DATA RECORDS:
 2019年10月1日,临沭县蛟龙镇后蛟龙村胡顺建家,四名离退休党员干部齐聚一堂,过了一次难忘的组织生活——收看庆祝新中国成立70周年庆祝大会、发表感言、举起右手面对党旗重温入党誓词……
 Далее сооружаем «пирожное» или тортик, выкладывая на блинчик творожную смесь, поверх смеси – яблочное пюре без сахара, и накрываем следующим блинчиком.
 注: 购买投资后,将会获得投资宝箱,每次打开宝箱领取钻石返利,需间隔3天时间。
--
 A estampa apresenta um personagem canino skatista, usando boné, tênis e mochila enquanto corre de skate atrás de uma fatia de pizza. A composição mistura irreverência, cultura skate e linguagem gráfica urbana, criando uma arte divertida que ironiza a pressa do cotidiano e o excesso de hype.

EXERCISE: Please return the lines above that run from the line containing "2019年10月1日,临沭县" to the line containing "накрываем следующим блинчиком.", inclusive, exactly and with no other lines.

COMPLETED TASK:
 2019年10月1日,临沭县蛟龙镇后蛟龙村胡顺建家,四名离退休党员干部齐聚一堂,过了一次难忘的组织生活——收看庆祝新中国成立70周年庆祝大会、发表感言、举起右手面对党旗重温入党誓词……
 Далее сооружаем «пирожное» или тортик, выкладывая на блинчик творожную смесь, поверх смеси – яблочное пюре без сахара, и накрываем следующим блинчиком.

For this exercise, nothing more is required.